BEGIN SOURCE DATA

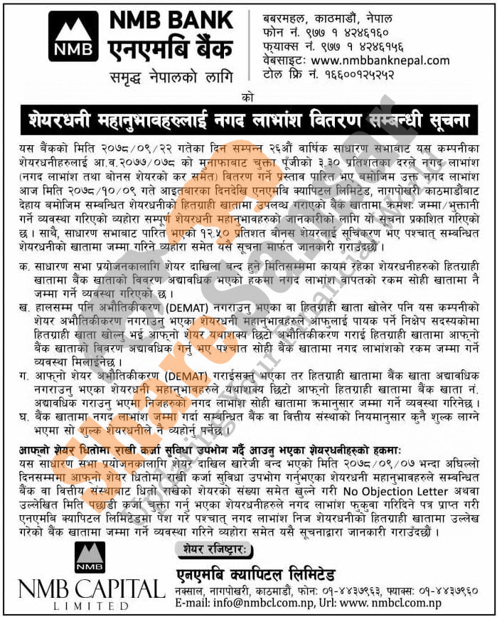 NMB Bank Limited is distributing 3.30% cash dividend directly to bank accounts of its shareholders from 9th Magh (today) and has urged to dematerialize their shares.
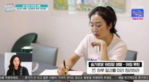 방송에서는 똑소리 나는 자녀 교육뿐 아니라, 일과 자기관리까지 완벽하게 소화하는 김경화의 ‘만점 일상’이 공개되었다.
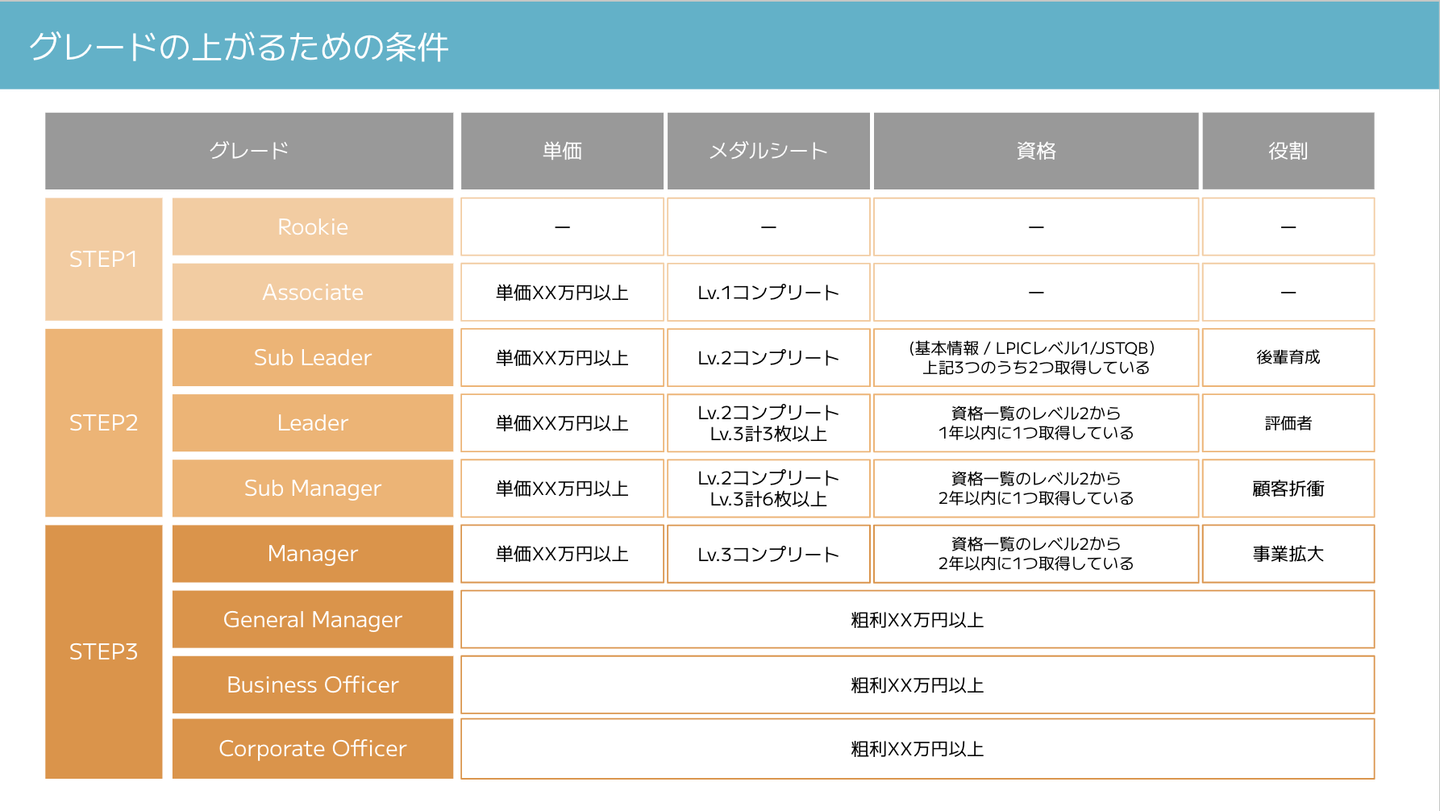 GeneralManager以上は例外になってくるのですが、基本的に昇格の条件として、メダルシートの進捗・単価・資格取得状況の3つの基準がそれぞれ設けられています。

END SOURCE DATA

ABOUT THIS TASK: Restate the whole listing above exactly, except for its images.

EXERCISE SOLUTION:
 NMB Bank Limited is distributing 3.30% cash dividend directly to bank accounts of its shareholders from 9th Magh (today) and has urged to dematerialize their shares.
 방송에서는 똑소리 나는 자녀 교육뿐 아니라, 일과 자기관리까지 완벽하게 소화하는 김경화의 ‘만점 일상’이 공개되었다.
 GeneralManager以上は例外になってくるのですが、基本的に昇格の条件として、メダルシートの進捗・単価・資格取得状況の3つの基準がそれぞれ設けられています。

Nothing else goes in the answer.